Introduction and background
[1] The Construction, Forestry, Mining and Energy Union (CFMEU) has applied to the Fair Work Commission (Commission) pursuant to s.512 of the Fair Work Act 2009 (Act) for the issue of an entry permit to each of John Ayers, John Duncan, Ian Markham and Colin Flanagan. The application for the issue of a permit to Mr Flanagan has since been discontinued by the CFMEU. Each of the remaining proposed permit holders is an official of the CFMEU and employed by that organisation as an organiser.
[2] The Director of the Fair Work Building Industry Inspectorate (Director) gave notice to the Commission that he wished to make submissions in relation to each applications. For convenience, the applications were dealt with together and directions for the filing of submissions and evidence in respect of each application were made on 21 April 2015. The applications were listed for hearing on 22 June 2015.
[3] On 12 May 2015 the Director filed submissions in which the Director maintained that given changes to right of entry laws since March 2012, the proposed permit holders had not received appropriate training about the rights and responsibilities of a permit holder. This was because each permit holder had last undertaken training about those rights and responsibilities in April 2012. Consequently none of the proposed permit holders could be said to have a good understanding of the privileges and obligations arising from being a permit holder under Part 3 – 4 of the Act given amendments to the Act since training was last undertaken.

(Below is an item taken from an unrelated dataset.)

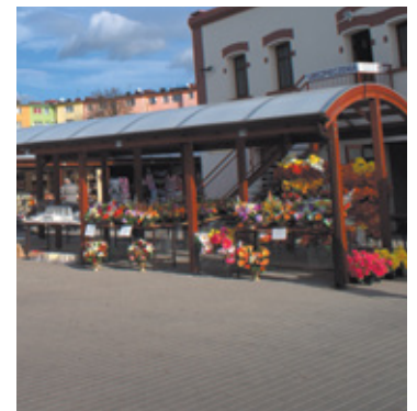
Targowisko Miejskie. Długowieczna tradycja targów w Wołowie została doceniona. Remont wart 1 764 154,60 zł współfinansowany był ze środków Europejskiego Funduszu Rolnego w ramach Programu Rozwoju Obszarów Wiejskich na lata 2007 – 2013 oraz budżetu gminy Wołów - pisaliśmy w Kurierze Gmin. To również jedna z pierwszych zrealizowanych inwestycji nowego burmistrza w latach 2010-2014.
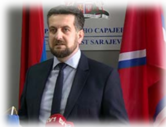
GRADONAČELNIK ISTOČNOG SARAJEVA NENAD VUKOVIĆ

U ime Univerziteta u Istočnom Sarajevu svim učesnicima Festivala želim srdačnu dobrodošlicu i ugodan boravak na našem Univerzitetu.

[4] On 2 June 2015 the CFMEU produced material showing that each of the proposed permit holders had completed a more recent course of training about the rights and responsibilities of a permit holder. Mr Ayers and Mr Duggan had each completed a course of training on 26 May 2015 and Mr Markham completed a course of training on 27 May 2015. On 16 June 2015 the Director filed further submissions in which he indicated that as the proposed permit holders had since undertaken additional right of entry training, the Director no longer took issue about the appropriateness of the training undertaken by these officials and did not wish to be heard further in relation to the applications.
[5] Consequently I have decided to deal with the applications without the need to conduct a hearing.
Relevant statutory provisions and application
[6] Subdivision A, Division 6 of Part 3 – 4 of the Act contains provisions dealing with entry permits. So far as is relevant for present purposes these provide as follows:
512 FWC may issue entry permits
The FWC may, on application by an organisation, issue a permit (an entry permit) to an official of the organisation if the FWC is satisfied that the official is a fit and proper person to hold the entry permit.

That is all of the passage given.